Thursday, November 12, 2009

Local Paper Won't Play Ball With Police's Managed News Service

"It's a national form and the purpose of it is to ensure that the material they gather is used for the right purpose, and not used for some later story which is totally unrelated." So says a spokesman from Essex Constabulary as he describes an indemnity form used by the force which local media organisations were asked to sign before being giving access to a police photocall at a recently-discovered huge cannabis factory.

Although most media organisations signed the form, the Epping Forest Guardian declined to do so and was therefore barred from the photocall. Among other things, the indemnity form asked media companies to guarantee that material would not be "archived" for future use and would be used only in connection with the immediate "purpose" of the photocall. It also asked them to give an undertaking that no material would be used in a way that was "detrimental" to the Essex Constabulary.

Local editor Anthony Longden responds: "Our policy on indemnity forms is certainly nothing new - we don't sign them because they make what we consider to be unreasonable demands, and we prefer to protect our independence and our journalistic material."

The paper's refusal to sign resulted in it being initially denied access to the location , a fact that a police spokesman commented on: "I am aware that some have refused to sign it but they have missed out on a major opportunity. For this particular newspaper, it was probably their main story for this week's edition."
The paper subsequently found out the location of the factory and has run several stories on the events there.

The police's attempt to manage this piece of news is regrettable and reflects an unhealthy trend towards curbing freedom of the press. It is unreasonable in a free society that the state/police should be allowed to determine the "purpose" of a news story or proscribe how it should be used in the future.

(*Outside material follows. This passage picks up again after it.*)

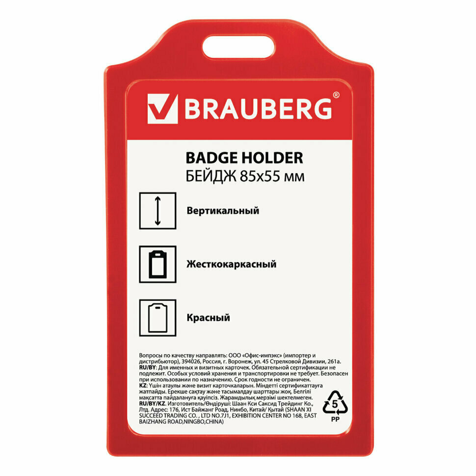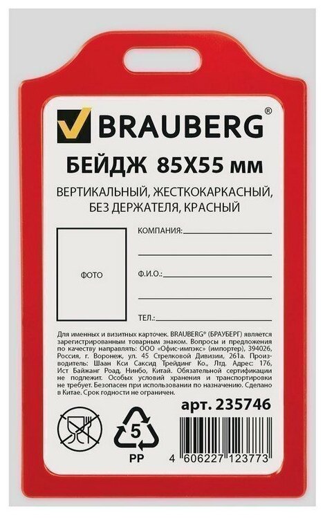 Бейдж вертикальный жесткокаркасный (85х55 мм), без держателя, красный, BRAUBERG, 235746 (арт. 235746)

It's hard enough running a local newspaper these days. The Guardian are therefore to be especially commended for refusing to go along with this attempt by the police to manage the news. Essex police should stop using these indemnity forms and stop trying to control the media in this way.

I appreciate that Thomas Jefferson is not one often quoted this side of the Atlantic. On this matter, however, he has much to to say:

"I would rather be exposed to the inconveniences attending too much liberty than those attending too small a degree of it."


"Information is the currency of democracy."